A Mineral King Double

22 Sep 1995 - by Richard Vassar

This was a solo trip, so on the first day of autumn, 22 September 1995, with the support of family and friends, I left the Bay Area for Mineral King on Friday afternoon. A six hour drive, with a stop for dinner in Visalia, got me to the Cold Springs Campground in Mineral King. I found a walk-in site to my liking at the far end of the campground and set up camp.

On Saturday, I did a warm up hike to an alpine basin containing Eagle Lake. One of the interesting aspects of this hike was that the trail passed by a large sinkhole into which Eagle Creek flowed and disappeared.

Peak day, Sunday, promised to be a long one, so I got up in the dark, eating breakfast and packing my pack by headlamp. I drove to the Eagle/Mosquito trailhead and started hiking on the Franklin Pass trail at 6:15 AM. It was just light enough to see the ground underneath my feet. The morning was cool, with frost on the ground. I saw 9 deer (7 does, 1 buck, and 1 yearling) on the way to Franklin Lakes. There was still a plenty of water but there was no difficulty with the stream crossings of Crystal Creek and Franklin Creek-quite a different story from Debbie Bulger's trip in July. I passed Franklin Lakes at 9:00 AM and met the first group of hikers I had seen about half a mile above the lakes. I pressed on reaching Franklin Pass, 8.6 miles from the parking area at about 10:30 AM. Where the trail crossed, there was a large snowfield on the south side of the divide which was a challenge for backpackers as the snow was very firm. From Franklin Pass I headed east through an area with large rock outcroppings toward the base of Florence Peak. The easiest route, as I soon discovered after trying to find a route between the large rocks, is to stick to the scree just below the rocks on the south side of the pass. Two sizable snowfields remained on the northeast ridge of Florence Pk. On the way up I went below and to the south side of the two snowfields. Near the summit, large boulders made the climbing borderline class 3 in spite of the class 2 rating in Roper and Secor. I summited at noon. There was a excellent view from the summit (elev. 12432 ft) with Franklin Lake and Tulare Peak below and the Kaweahs to the northeast. I found the register box (an ammo can) and unfortunately both register notebooks were damp. I signed in and noticed that a few parties had done some of the technical routes on the northwest face above Franklin Lakes earlier this year.

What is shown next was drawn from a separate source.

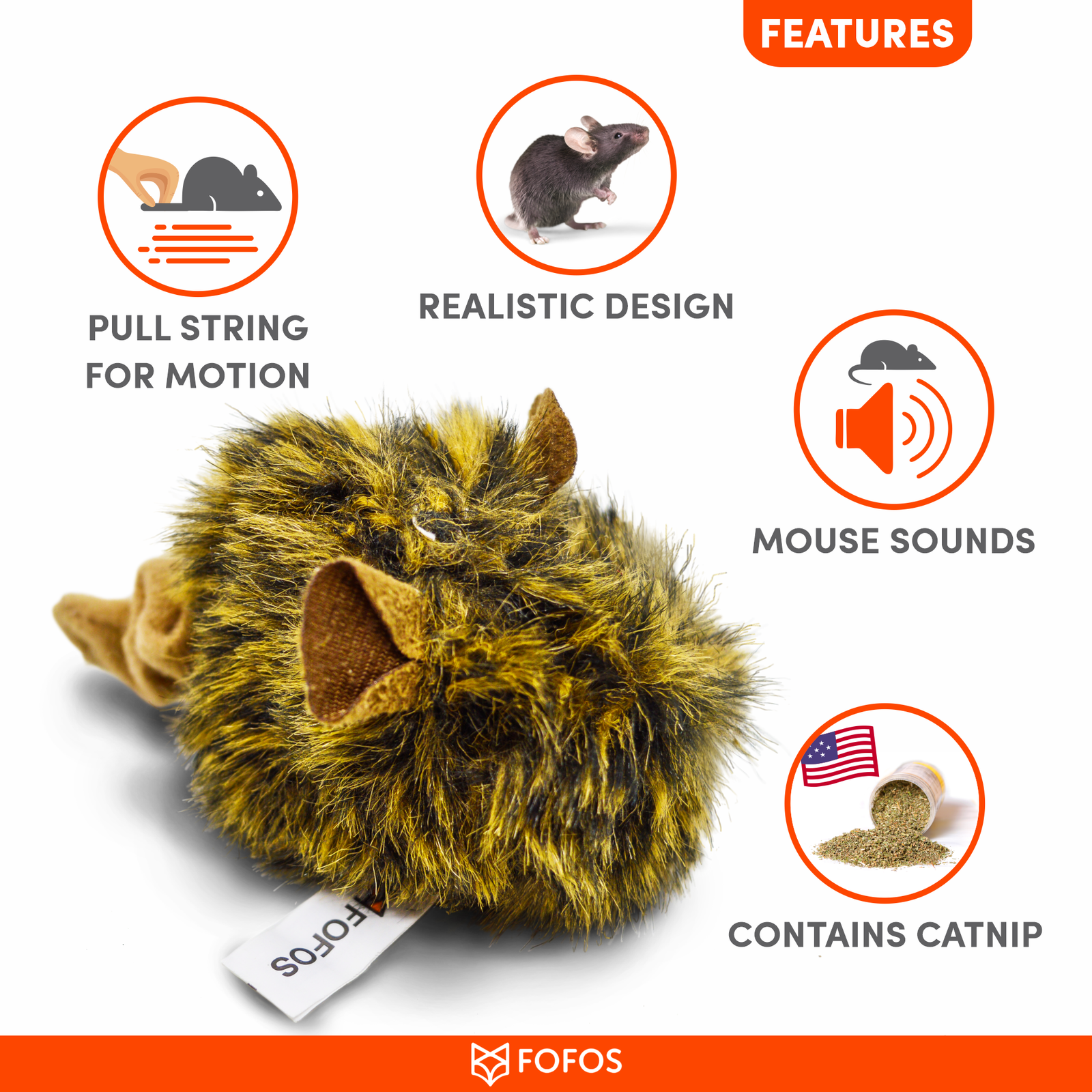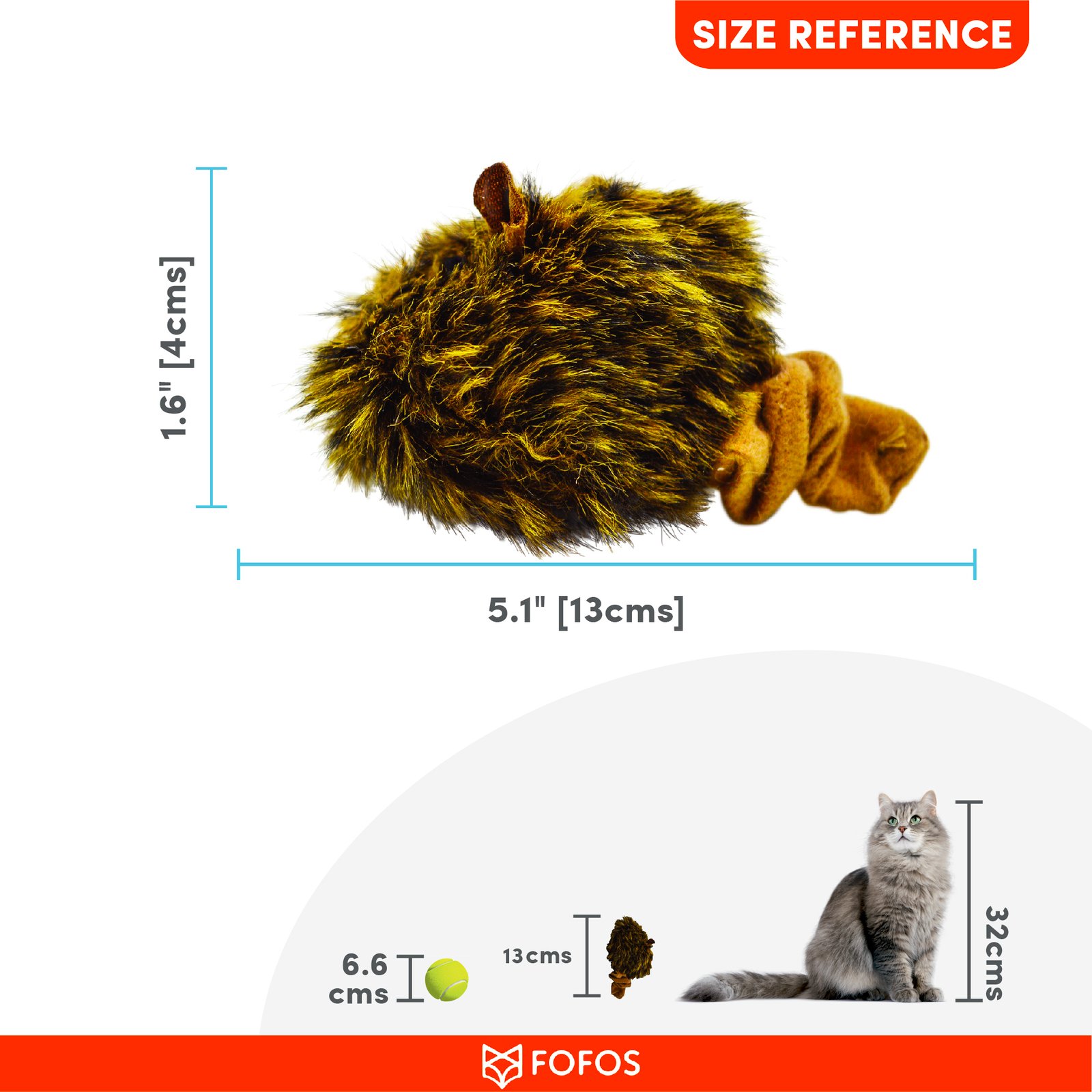 “Fofos Pull String and Sound Chip Mouse is a cute cat toy that mimics an actual mouse with its life-like features. It is made from soft plush polyester fabric resembling a rat or a mouse. This cat playing toy is battery operated and can be moved to generate a squeak like sound and the tail acts as a string that can be pulled, allowing the mouse to vibrate for a few seconds. It has imported US grade dried catnip leaves and grass powder inside. Interactive toys are known to unleash a kitten’s natural desire to chase, nip, play, chew, swat and even promote harmless biting , scratching and chewing. Kitten toys are the best way to exercise your cat and keep them alert. Fun engaging toys give your cat the sensation of interacting with an actual mouse or a fish ensuring good physical stimulation while the catnips give them a calm and relaxing experience. Ideal for small pet kittens as well as for older cats of Persian and other breeds as well. How to use: We recommend consistent and scheduled playtime. Start with five-minute a day sessions. Just like a dog needs a walk, a cat needs playtime! What is Catnip: Catnip is a plant related to mint and contains an essential oil called nepetalactone that is known to cause euphoric, calming, and relaxing effects on cats. Catnip in small doses is completely safe, non-addictive for your kitten as the effects last about 10 mins for most cats.”

On my way down, I went a different route staying to the north of the snowfields. This proved more difficult than the route up, but soon I was back at Franklin Pass and the trail. It still looked like there was plenty of daylight left so I decided to go for Rainbow Mountain to complete my double. After a short hike back down the trail, I left the trail and headed diagonally up a mixed scree and rock slope to the southeast ridge of Rainbow Mountain. Once on the ridge, the climbing was easy all the way to the summit. I summited at about 2:15 PM. There was a good view from the summit (elev. 12043 ft.). I found the trail register in another ammo box. It was one small notebook going back to 1982. Apparently Rainbow Mountain is not climbed all that often (a result perhaps of people not wanting to climb a peak that isn't on the SPS list). Fourteen parties had climbed the peak this year, not many when you consider that it is just above popular Franklin Lakes. In some years only 4 or 5 parties had signed the register. After taking some photos, I took the direct route down to the lake. The mountain was steep and I ended up doing a lot of scree glissading. If you try this route just remember to watch out for the cliffs. After refilling my water bottles at Franklin Creek below the lake (it was a warm day), I hiked quickly out along the trail, reaching the parking area.

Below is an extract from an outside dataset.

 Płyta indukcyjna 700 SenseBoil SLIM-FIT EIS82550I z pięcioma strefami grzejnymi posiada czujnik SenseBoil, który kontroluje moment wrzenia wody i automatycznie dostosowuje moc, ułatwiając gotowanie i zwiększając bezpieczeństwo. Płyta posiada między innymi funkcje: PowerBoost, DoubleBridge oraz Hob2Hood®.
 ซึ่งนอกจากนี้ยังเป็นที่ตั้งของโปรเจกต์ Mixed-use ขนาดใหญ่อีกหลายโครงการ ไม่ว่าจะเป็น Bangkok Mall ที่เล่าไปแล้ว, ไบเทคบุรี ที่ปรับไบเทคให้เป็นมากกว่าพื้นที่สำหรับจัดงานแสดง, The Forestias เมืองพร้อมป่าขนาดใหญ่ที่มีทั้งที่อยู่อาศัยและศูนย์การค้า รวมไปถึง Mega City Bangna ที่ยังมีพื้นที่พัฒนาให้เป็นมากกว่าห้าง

It was a long day up two fine Sierra peaks (12 hours, 19 miles, 5400 ft elevation gain).

On Monday, I decided to hike up to Crystal Lake before driving home. When I arrived at the trailhead there were no other cars at the Sawtooth-Monarch parking area. Wow, this place really clears out after the weekend. I had a beautiful hike into isolated Crystal Lakes. The weather was alternately cloudy and sunny with the mountain summits sometimes shrouded in fog. Mineral Peak (elev. 11550 ft.) is a striking peak just north of Lower Crystal Lake. The class 2 route from Crystal Lake in Secor's book appears to start at Upper Crystal Lake (there is a use path marked by a duck branching from the trail just below Lower Crystal Lake) and ascends the southeast slope. Secor mentions that the summit rocks are best approached from the south. I can't vouch for that since I didn't have time to go for the summit. A loop trip including Monarch Lakes, Mineral Peak, and Crystal Lakes looks like an intriguing possibility. According to Browning's book, Sierra Place Names, prior to the acceptance of its current name Mineral Peak was sometimes called "The Matterhorn" since it resembles that peak from certain angles. After lunch, I hiked back out to the trailhead. I drove back to the Bay Area, arriving about 9:00 PM. All in all, the trip was a highly enjoyable fall weekend getaway to the High Sierra.